There are no effective medical measures to prevent CPP crystal accumulation in tissues or to eliminate them because much of the pathogenesis of CPPD deposition remains unclear. Oral colchicine tablets, NSAIDs, and local steroid injections may help control the symptoms. Chollet-Janin and colleagues reported that using 5–10mg of methotrexate (MTX) weekly could improve chronic CPPD.18 Pascual’s laboratory also suggested that MTX might be beneficial for older patients with seronegative symmetrical polyarthritis showing chondrocalcinosis or CPP crystals.19 CPP and uric crystals can activate NLRP3 inflammasome, therefore promoting IL-1β secretion. Hence, IL-1β inhibitors may be used in treating CPP patients. Anakinra is an example of an IL-1β inhibitor, which has a good response in acute gouty attacks and could be chosen to treat CPPD in selected cases.20,21 Another drug known as Tocilizumab is an immunosuppressive remedy that acts on the interleukin-6 receptor (IL-6R) to antagonize humanized monoclonal antibodies. This novel medication is often the recipe for rheumatoid arthritis (RA) and systemic juvenile idiopathic arthritis.
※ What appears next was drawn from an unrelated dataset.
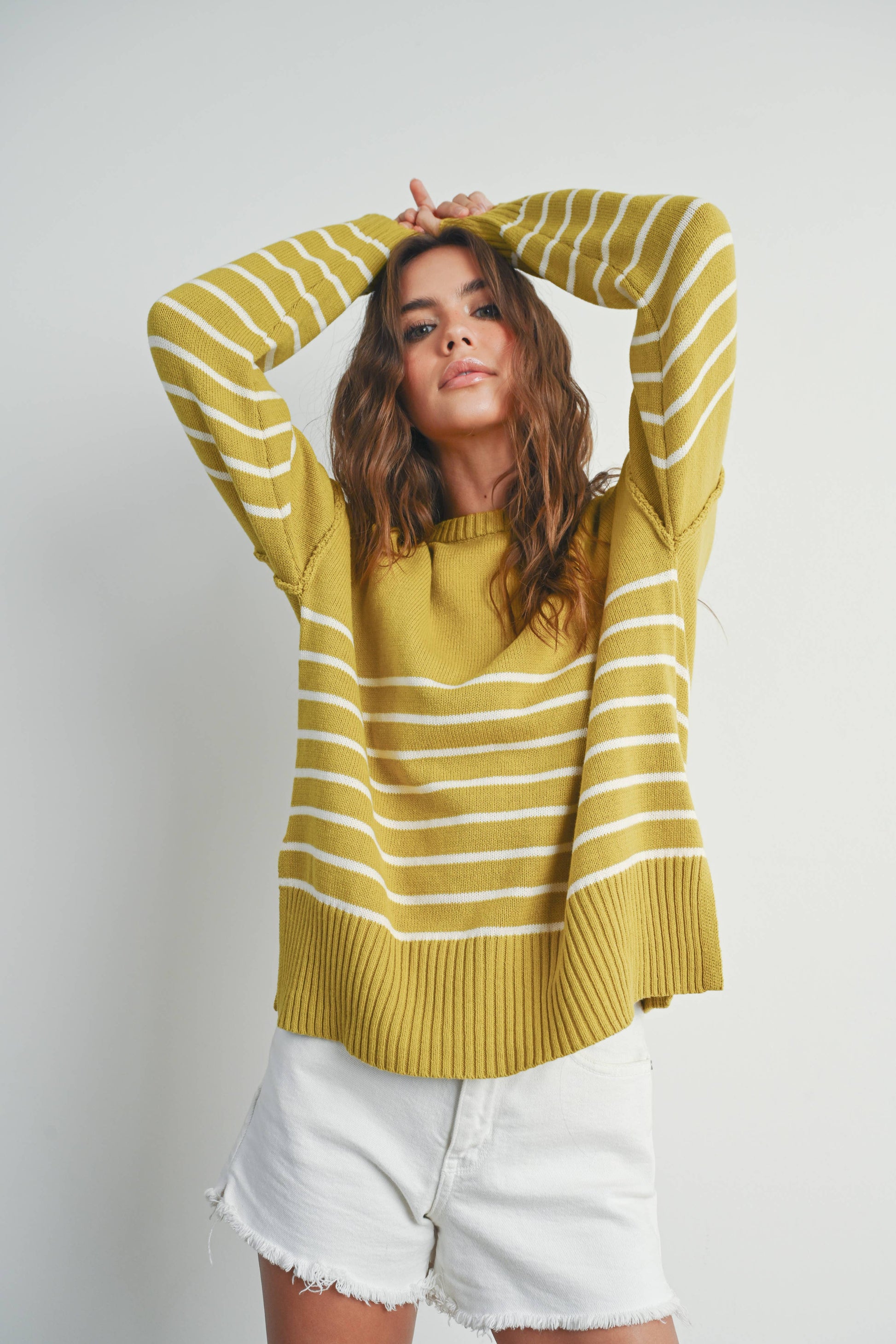 The Drop Shoulder Knit Striped Sweater is a stylish and cozy wardrobe essential. Made from soft, high-quality knit material, this sweater features a relaxed drop-shoulder design for a comfortable fit. The striped pattern adds a trendy and classic touch to the garment, making it versatile for both casual and semi-formal occasions. With its blend of comfort and style, this sweater is perfect for staying fashionable and snug during the cooler seasons.
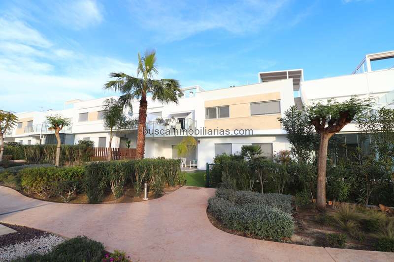 Este moderno apartamento de dos dormitorios en el último piso con orientación oeste en Vista Bella Golf se encuentra en los límites del popular campo de golf, a solo cinco minutos a pie de bares, restaurantes y un supermercado. Convenientemente situado, se encuentra a cinco minutos en coche de Los Montesinos, a diez minutos de Quesada y Benijófar, y aproximadamente a veinte minutos de la costa. Construido en 2019, este elegante apartamento ofrece una amplia sala de estar con grandes puertas corredizas acristaladas que dan a una terraza de tamaño generoso que da a los jardines comunitarios bellamente cuidados. La moderna cocina equipada de planta abierta cuenta con una barra de desayuno sustancial, perfecta para cenas informales y entretenimiento. La propiedad incluye dos habitaciones dobles con armarios empotrados; el dormitorio principal se beneficia de un baño con ducha en suite, mientras que también hay un baño con ducha familiar bien equipado. Las escaleras externas brindan acceso al fantástico solárium privado, que incluye almacenamiento y una sección con toldos, lo que permite cenar cómodamente al aire libre mientras disfruta de las serenas vistas y las impresionantes puestas de sol. Las características adicionales incluyen aire acondicionado por conductos, cuatro paneles solares y un espacio de estacionamiento comunitario asignado. Este moderno apartamento ofrece la combinación ideal de lujo, comodidad y tranquilidad en el corazón de la Costa Blanca Sur.

It appears to be another efficacious and useful option in the treatment of CPPD.22

Conclusion

Spinal extradural tumor with rim enhancement has overlapped arguments as delineated in our report. The radiographical MRI in the current case showed one large cyst and a smaller one behind the other. We present the rare occurrence of pseudogout mimicking lumbar juxta-facet cysts preoperatively. We recommend surgical decompression in symptomatic cases accompanied by nerve root and/or thecal sac compression. This case report raises awareness of CPPD as a cause of axial symptoms. The discovery of chondrocalcinosis should raise the suspicion of pseudogout or secondary osteoarthritis in an appropriate clinical setting. Additionally, in young patients, clinicians should be reminded of the possibility of related metabolic diseases.

Ethical Approval

Written informed consent for publication has been obtained from the patient. Approval from the institutional of Taipei Tzu Chi Hospital, Buddhist Tzu Chi Medical Foundation review board and ethics committee was obtained for the study (Protocol No.: 10-CR-015).

Funding

There is no funding to report.

Disclosure

The authors report no conflicts of interest in this work.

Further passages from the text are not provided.